5. Hepatic metabolic capacity is immature at birth. Some cytochrome P450 enzymes (phase I reactions) are fully developed, whereas others are approximately 50% of adult values. Phase II reactions, or reactions that make a drug more water soluble, are usually impaired in neonates. Some of these reactions do not achieve maturity until 1 year of age. This hepatic immaturity can have important clinical implications regarding the neonate's ability to excrete some medications, for example, benzodiazepines.
6. Anesthetic drug overdose is a particular danger for neonates and infants because of a combination of factors, including immaturity of the myocardium, decreased calcium stores of the neonatal myocardium, and the "systems issue" of the vaporizers for halothane and sevoflurane, which have different maximum MAC delivery capability; that is, nearly 6 MACs of halothane may be delivered to a newborn whereas only 2.5 MAC multiples can be delivered with sevoflurane. Thus, anesthetic drug-induced cardiac arrest is a function of the vaporizer design and vulnerability of the neonatal myocardium to anesthetic-induced cardiac depression.

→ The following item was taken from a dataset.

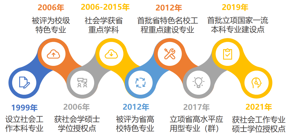 济南大学社会工作专业硕士学位所属的社会学学科2006年获社会学硕士学位授权点,2010年获社会学一级学科硕士学位授权点,2021年获批社会工作专业硕士(MSW)学位授权点,为目前山东省仅有的两个社会学学科专硕学硕齐全的高校之一。社会学学科曾连续两次获评山东省重点学科,为“十四五”期间济南大学重点建设学科、山东省博士点精准培育建设学科。社会工作专业相继入选山东省特色专业、山东省特色名校工程重点建设专业、山东省高水平应用型建设专业(群),并以A+级通过中国社会工作教育协会专业评估,2019年入选首批国家级一流本科专业建设点。2024年1月,社会学系社会工作专业教研室获批首批山东省普通本科高等学校示范性基层教学组织;2月,社会工作学院获批山东省专业特色学院。
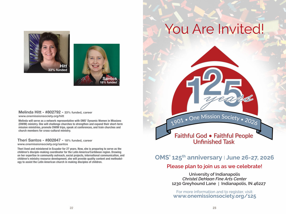 Melinda will serve as a network representative with OMS’ Dynamic Women in Missions( DWIM) ministry. She will challenge churches to strengthen and expand their short-term mission ministries, promote DWIM trips, speak at conferences, and train churches and church members for cross-cultural ministry.

7. Remifentanil is a unique potent opioid in neonates. Unlike virtually every other medication used in newborns, the half-life is shorter rather than longer in newborns than in older children. This shorter half-life makes the ability to rapidly induce or stop an intense opioid effect even easier to achieve in neonates than older patients. Careful attention to opioid-induced bradycardia and chest wall rigidity is obviously very important.
8. Former preterm infants younger than 60 weeks' postconceptual age are potentially at risk for post-operative apnea, and those who are anemic (i.e., hemoglobin <10) are at particular risk. Both gestational age and postconceptual age at the time of surgery are independent risk factors. The use of regional anesthesia in these patients may reduce, but does not eliminate the incidence of postanesthesia apnea.
9. Preoperative laboratory testing is minimal for most pediatric patients. The only group of children who require routine hemoglobin measurement is infants younger than 6 months to assess the severity of the physiologic hemoglobin nadir (especially former preterm infants with a potential risk for apnea) and older patients expected to experience significant blood loss. Preoperative chest radiographs are not generally indicated. Children who have undergone chemotherapy with anthracyclines, children with congenital heart disease, and neonates at risk for associated cardiac anomalies may require a preoperative echocardiogram. Children receiving chemotherapy should generally have a complete recent hematology profile, including platelet counts. Patients taking seizure medications will generally benefit from preoperative assessment to ensure therapeutic levels.
10. Temperature regulation is a particular issue for neonates and infants. Because of the large body surface-to-weight ratio, they are especially vulnerable to intraoperative hypothermia. Efforts to maintain a warm operating room, the use of warming devices such as hot air mattresses, warm surgical skin preparation solutions, and transport in an appropriate transport device, as well as keeping the patient covered during transport, all help prevent dangerous hypothermia.